Compile and run the program

Compile and run the program. You will get results that show the routing plan and information for the first solution, the initial improved solution, and the solution found after reducing the number of active vehicles. The first solution uses 20 vehicles. The initial improved solution uses 17 vehicles. The solution found after reducing the number of active vehicles uses 16 vehicles.

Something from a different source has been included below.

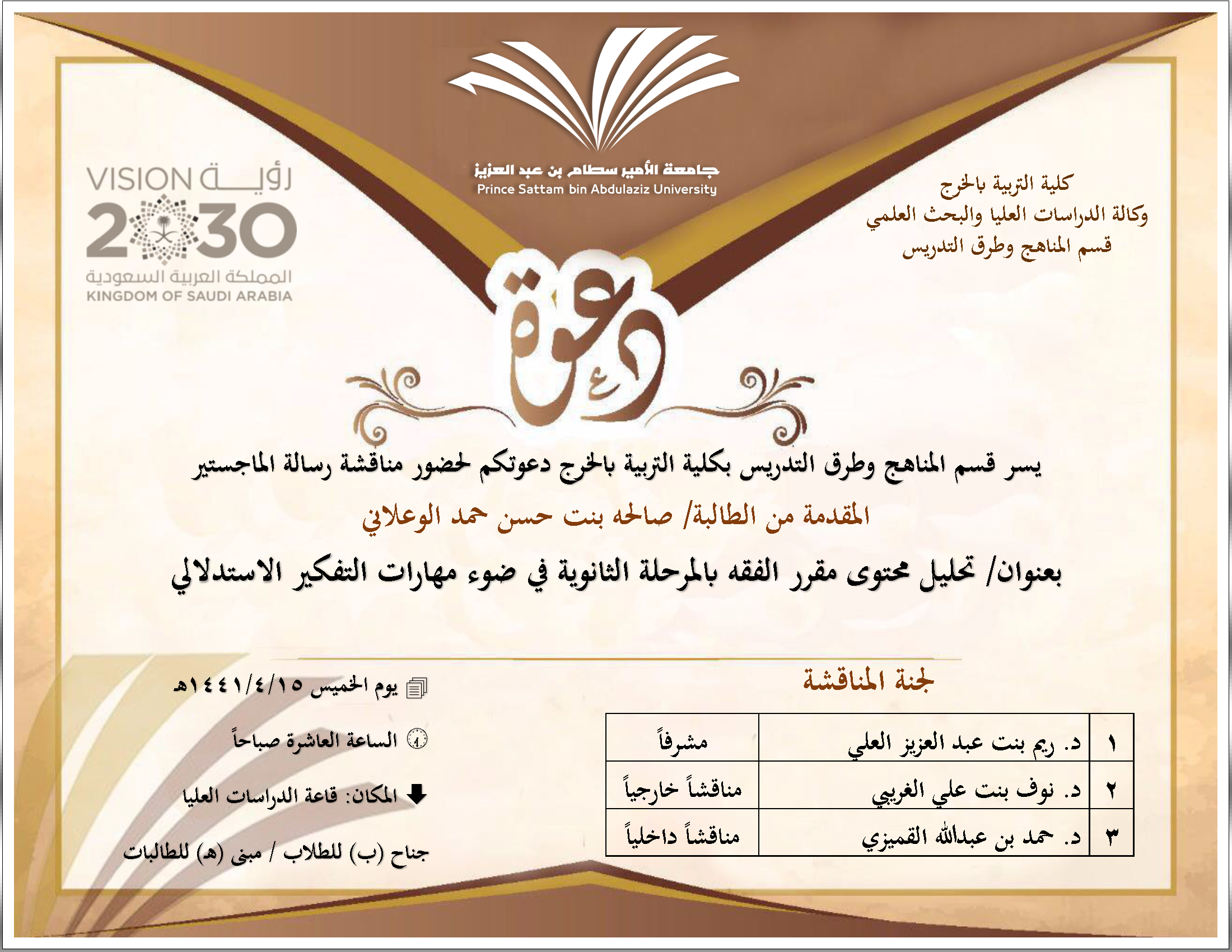 ناقش قسم المناهج وطرق التدريس بكلية التربية بالخرج رسالة ماجستير بعنوان "تحليل محتوى مقرر الفقه بالمرحلة الثانوية في ضوء مهارات التفكير الاستدلالي"، المقدمة من الطالبة / صالحة بنت حسن حمد الوعلاني، وذلك في يوم الخميس ١٤٤١/٤/١٥هـ الموافق ٢٠١٩/١٢/١٢م في تمام الساعة العاشرة صباحًا بقاعة الدراسات العليا بكلية التربية (جناح ب للطلاب / مبنى هـ للطالبات).

First solution information

The first solution phase finds a solution using 20 vehicles with a total cost of 2554.03 units:

***First Solution***
Number of fails               : 50659
Number of choice points       : 1077
Number of variables           : 5504
Number of constraints         : 881
Reversible stack (bytes)      : 578904
Solver heap (bytes)           : 2504836
Solver global heap (bytes)    : 1187724
And stack (bytes)             : 20124
Or stack (bytes)              : 44244
Search Stack (bytes)          : 4044
Constraint queue (bytes)      : 13164
Total memory used (bytes)     : 4353040
Elapsed time since creation   : 9.483
Number of nodes               : 201
Number of visits              : 300
Number of vehicles            : 50
Number of dimensions          : 2
Number of accepted moves      : 0
===============
Cost         : 2554.03
Number of vehicles used : 20

Improved Solution Information

The solution improvement phase finds a solution using 17 vehicles with a total cost of 2073.11 units-:

***Solution after improvements with nhood***
Number of fails               : 0
Number of choice points       : 0
Number of variables           : 5504
Number of constraints         : 878
Reversible stack (bytes)      : 578904
Solver heap (bytes)           : 2089268
Solver global heap (bytes)    : 1203804
And stack (bytes)             : 20124
Or stack (bytes)              : 44244
Search Stack (bytes)          : 4044
Constraint queue (bytes)      : 35196
Total memory used (bytes)     : 3975584
Elapsed time since creation   : 0.07
Number of nodes               : 201
Number of visits              : 300
Number of vehicles            : 50
Number of dimensions          : 2
Number of accepted moves      : 222
===============
Cost         : 2073.11
Number of vehicles used : 17

Solution information after reducing active vehicles

After solution improvement, vehicle 20 has the fewest number of visits. (See the section "Complete Output".) The reduceActiveVehicles function empties vehicle 20, assigns its visits to other vehicles, and improves the solution. Now, vehicle 7 has the fewest number of visits. The reduceActiveVehicles function empties vehicle 7, tries to assign its visits to other vehicles, but is not able to do so. The last solution found is restored. The solution after reducing active vehicles uses 16 vehicles with a total cost of 2072.93 units:

Emptying vehicle20 ...
Improving solution
Emptying vehicle7 ...
Improving solution
***Solution after reducing active vehicles***
Number of fails               : 0
Number of choice points       : 0
Number of variables           : 5504
Number of constraints         : 917
Reversible stack (bytes)      : 578904
Solver heap (bytes)           : 2089592
Solver global heap (bytes)    : 1207824
And stack (bytes)             : 20124
Or stack (bytes)              : 44244
Search Stack (bytes)          : 4044
Constraint queue (bytes)      : 35196
Total memory used (bytes)     : 3979928
Elapsed time since creation   : 0.061
Number of nodes               : 201
Number of visits              : 300
Number of vehicles            : 50
Number of dimensions          : 2
Number of accepted moves      : 238
===============
Cost         : 2072.93
Number of vehicles used : 16

The complete program and output are listed in "Complete Program". You can also view it online in the YourDispatcherHome/examples/src/minvehcl.cpp file.